= Exercise goal =
From the data that follows, print exactly the lines starting at the one containing "Magnetic Kitchen Organizer" and ending at the one containing "宜春学院健美操代表队与啦啦操"; include both of them and nothing more.
:: Dataset entries ::
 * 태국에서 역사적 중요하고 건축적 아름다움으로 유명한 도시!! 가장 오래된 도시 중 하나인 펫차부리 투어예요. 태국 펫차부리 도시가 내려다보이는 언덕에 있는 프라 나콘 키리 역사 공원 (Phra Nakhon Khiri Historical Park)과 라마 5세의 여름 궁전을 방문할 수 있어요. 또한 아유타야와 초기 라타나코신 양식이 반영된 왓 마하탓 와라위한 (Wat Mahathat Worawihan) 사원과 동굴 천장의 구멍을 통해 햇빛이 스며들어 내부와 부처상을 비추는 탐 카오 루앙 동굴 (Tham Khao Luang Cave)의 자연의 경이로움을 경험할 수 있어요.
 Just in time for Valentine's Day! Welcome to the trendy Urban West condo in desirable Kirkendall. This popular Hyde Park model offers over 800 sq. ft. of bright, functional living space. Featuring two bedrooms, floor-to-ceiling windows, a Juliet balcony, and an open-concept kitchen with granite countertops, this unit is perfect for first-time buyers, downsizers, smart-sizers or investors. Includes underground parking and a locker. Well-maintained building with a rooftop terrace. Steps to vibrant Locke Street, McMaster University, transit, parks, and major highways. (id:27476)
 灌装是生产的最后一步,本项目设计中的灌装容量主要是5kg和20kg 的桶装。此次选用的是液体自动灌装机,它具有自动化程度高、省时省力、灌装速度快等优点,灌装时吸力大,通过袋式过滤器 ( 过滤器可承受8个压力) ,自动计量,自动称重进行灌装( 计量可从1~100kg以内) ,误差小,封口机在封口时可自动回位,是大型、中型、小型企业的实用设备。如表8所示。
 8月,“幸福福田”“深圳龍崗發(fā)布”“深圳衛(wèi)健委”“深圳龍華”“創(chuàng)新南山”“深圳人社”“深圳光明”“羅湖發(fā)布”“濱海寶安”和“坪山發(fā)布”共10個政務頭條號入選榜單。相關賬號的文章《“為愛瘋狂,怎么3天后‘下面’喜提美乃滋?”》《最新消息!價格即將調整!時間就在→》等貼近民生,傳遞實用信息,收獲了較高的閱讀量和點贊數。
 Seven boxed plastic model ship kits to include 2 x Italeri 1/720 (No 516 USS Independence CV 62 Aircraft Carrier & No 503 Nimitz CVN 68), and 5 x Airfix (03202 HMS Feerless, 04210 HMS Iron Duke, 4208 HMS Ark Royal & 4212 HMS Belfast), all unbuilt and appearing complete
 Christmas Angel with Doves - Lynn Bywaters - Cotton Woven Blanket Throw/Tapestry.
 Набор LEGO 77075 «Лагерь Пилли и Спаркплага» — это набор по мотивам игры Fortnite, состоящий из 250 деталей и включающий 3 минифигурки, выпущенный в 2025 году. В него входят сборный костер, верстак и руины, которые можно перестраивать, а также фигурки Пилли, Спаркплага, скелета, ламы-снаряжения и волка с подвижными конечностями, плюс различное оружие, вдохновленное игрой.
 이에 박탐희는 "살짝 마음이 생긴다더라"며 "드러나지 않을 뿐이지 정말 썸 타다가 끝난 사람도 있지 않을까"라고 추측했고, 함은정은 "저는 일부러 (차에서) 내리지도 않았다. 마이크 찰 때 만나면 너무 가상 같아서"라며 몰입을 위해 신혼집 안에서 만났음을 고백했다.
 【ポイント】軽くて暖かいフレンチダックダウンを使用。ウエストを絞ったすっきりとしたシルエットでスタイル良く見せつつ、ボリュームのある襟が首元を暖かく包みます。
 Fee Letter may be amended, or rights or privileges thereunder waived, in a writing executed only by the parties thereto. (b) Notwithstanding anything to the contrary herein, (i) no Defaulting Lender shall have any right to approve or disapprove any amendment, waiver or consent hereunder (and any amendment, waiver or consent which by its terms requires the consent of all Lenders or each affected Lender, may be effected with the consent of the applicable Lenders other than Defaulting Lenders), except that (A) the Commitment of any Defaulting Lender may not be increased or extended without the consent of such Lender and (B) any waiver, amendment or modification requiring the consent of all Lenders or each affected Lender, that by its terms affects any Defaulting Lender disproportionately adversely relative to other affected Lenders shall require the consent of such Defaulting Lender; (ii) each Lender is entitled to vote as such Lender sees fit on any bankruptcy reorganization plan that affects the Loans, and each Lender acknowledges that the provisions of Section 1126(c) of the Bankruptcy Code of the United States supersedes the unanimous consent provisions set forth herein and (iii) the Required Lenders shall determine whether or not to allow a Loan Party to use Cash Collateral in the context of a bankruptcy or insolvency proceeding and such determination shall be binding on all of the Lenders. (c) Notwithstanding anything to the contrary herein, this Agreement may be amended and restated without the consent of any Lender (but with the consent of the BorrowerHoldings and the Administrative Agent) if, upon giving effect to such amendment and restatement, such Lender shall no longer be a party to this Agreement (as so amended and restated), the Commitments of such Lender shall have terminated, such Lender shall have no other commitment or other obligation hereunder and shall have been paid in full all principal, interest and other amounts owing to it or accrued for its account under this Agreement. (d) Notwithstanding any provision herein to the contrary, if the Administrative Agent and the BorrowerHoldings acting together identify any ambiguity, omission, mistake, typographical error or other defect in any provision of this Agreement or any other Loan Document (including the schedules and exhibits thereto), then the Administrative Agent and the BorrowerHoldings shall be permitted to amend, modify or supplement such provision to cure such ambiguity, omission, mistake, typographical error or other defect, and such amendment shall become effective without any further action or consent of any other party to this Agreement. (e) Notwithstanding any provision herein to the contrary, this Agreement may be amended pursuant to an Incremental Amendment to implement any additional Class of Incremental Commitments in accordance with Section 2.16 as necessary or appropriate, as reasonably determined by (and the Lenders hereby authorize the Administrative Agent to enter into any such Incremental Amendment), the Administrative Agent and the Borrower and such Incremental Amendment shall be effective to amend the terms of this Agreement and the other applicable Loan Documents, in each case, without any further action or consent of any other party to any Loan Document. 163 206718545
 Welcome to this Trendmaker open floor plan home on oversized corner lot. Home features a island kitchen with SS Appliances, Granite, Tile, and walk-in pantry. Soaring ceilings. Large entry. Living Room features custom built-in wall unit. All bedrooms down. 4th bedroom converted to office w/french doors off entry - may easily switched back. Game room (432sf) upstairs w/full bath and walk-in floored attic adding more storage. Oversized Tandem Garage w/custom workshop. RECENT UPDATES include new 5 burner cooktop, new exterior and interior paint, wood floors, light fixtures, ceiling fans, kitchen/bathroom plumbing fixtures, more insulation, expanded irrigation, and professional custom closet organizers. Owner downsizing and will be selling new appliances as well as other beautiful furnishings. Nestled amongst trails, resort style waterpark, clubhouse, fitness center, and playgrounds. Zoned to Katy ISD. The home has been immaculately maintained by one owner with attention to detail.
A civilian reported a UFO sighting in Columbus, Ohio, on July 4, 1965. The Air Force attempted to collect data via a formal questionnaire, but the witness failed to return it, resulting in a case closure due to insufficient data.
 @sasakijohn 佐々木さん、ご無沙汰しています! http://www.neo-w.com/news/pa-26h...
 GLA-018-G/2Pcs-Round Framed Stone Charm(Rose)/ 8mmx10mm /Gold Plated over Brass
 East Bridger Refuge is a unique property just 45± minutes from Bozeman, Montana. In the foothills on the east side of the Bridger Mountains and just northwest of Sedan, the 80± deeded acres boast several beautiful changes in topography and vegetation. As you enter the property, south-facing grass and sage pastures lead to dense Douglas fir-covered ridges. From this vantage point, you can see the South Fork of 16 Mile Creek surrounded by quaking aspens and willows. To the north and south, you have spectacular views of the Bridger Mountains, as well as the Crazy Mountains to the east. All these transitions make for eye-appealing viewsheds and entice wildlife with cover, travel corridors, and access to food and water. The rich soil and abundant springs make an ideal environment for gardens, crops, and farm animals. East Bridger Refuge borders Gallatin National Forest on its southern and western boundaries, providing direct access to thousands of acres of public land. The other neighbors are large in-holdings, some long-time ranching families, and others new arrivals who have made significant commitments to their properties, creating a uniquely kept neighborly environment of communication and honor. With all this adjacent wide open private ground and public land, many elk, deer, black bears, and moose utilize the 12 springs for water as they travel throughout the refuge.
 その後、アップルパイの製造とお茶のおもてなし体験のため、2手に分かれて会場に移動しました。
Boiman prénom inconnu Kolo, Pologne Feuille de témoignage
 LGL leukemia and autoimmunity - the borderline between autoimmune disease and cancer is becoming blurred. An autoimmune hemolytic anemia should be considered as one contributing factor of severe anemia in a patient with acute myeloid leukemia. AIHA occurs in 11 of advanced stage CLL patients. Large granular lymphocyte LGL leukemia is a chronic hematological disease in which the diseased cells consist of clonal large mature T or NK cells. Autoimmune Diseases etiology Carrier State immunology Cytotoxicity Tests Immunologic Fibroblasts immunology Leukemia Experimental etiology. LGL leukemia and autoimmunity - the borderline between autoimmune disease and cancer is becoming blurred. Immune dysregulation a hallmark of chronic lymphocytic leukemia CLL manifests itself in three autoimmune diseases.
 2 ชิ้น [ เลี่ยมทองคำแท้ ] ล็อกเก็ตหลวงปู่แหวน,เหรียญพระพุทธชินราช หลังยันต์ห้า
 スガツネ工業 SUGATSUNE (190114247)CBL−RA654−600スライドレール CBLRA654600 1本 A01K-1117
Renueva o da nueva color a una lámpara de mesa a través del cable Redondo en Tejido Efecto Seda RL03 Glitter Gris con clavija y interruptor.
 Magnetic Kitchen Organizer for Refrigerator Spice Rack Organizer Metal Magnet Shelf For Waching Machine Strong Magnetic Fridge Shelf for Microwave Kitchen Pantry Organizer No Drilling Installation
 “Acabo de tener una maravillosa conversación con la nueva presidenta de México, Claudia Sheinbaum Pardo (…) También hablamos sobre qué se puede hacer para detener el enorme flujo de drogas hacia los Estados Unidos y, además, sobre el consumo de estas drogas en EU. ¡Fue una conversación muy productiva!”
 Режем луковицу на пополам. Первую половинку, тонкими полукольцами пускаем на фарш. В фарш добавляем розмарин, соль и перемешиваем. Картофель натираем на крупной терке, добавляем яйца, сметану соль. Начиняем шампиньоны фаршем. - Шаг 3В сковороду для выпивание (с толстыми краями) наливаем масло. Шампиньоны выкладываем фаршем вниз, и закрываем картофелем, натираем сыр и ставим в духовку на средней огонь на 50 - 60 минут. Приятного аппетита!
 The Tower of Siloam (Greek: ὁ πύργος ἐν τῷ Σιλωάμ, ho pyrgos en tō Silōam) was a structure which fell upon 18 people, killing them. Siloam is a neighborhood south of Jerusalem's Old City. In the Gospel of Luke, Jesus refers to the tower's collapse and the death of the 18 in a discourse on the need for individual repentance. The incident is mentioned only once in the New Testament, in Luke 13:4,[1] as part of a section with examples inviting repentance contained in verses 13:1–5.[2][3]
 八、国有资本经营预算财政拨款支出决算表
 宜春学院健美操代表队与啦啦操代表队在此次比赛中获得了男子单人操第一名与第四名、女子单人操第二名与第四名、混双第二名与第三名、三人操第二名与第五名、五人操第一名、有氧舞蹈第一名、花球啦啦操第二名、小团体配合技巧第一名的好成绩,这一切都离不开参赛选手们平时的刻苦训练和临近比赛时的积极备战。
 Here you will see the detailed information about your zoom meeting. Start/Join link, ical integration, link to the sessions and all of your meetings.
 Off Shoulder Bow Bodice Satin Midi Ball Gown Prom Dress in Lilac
:::
= Result of the exercise =
 Magnetic Kitchen Organizer for Refrigerator Spice Rack Organizer Metal Magnet Shelf For Waching Machine Strong Magnetic Fridge Shelf for Microwave Kitchen Pantry Organizer No Drilling Installation
 “Acabo de tener una maravillosa conversación con la nueva presidenta de México, Claudia Sheinbaum Pardo (…) También hablamos sobre qué se puede hacer para detener el enorme flujo de drogas hacia los Estados Unidos y, además, sobre el consumo de estas drogas en EU. ¡Fue una conversación muy productiva!”
 Режем луковицу на пополам. Первую половинку, тонкими полукольцами пускаем на фарш. В фарш добавляем розмарин, соль и перемешиваем. Картофель натираем на крупной терке, добавляем яйца, сметану соль. Начиняем шампиньоны фаршем. - Шаг 3В сковороду для выпивание (с толстыми краями) наливаем масло. Шампиньоны выкладываем фаршем вниз, и закрываем картофелем, натираем сыр и ставим в духовку на средней огонь на 50 - 60 минут. Приятного аппетита!
 The Tower of Siloam (Greek: ὁ πύργος ἐν τῷ Σιλωάμ, ho pyrgos en tō Silōam) was a structure which fell upon 18 people, killing them. Siloam is a neighborhood south of Jerusalem's Old City. In the Gospel of Luke, Jesus refers to the tower's collapse and the death of the 18 in a discourse on the need for individual repentance. The incident is mentioned only once in the New Testament, in Luke 13:4,[1] as part of a section with examples inviting repentance contained in verses 13:1–5.[2][3]
 八、国有资本经营预算财政拨款支出决算表
 宜春学院健美操代表队与啦啦操代表队在此次比赛中获得了男子单人操第一名与第四名、女子单人操第二名与第四名、混双第二名与第三名、三人操第二名与第五名、五人操第一名、有氧舞蹈第一名、花球啦啦操第二名、小团体配合技巧第一名的好成绩,这一切都离不开参赛选手们平时的刻苦训练和临近比赛时的积极备战。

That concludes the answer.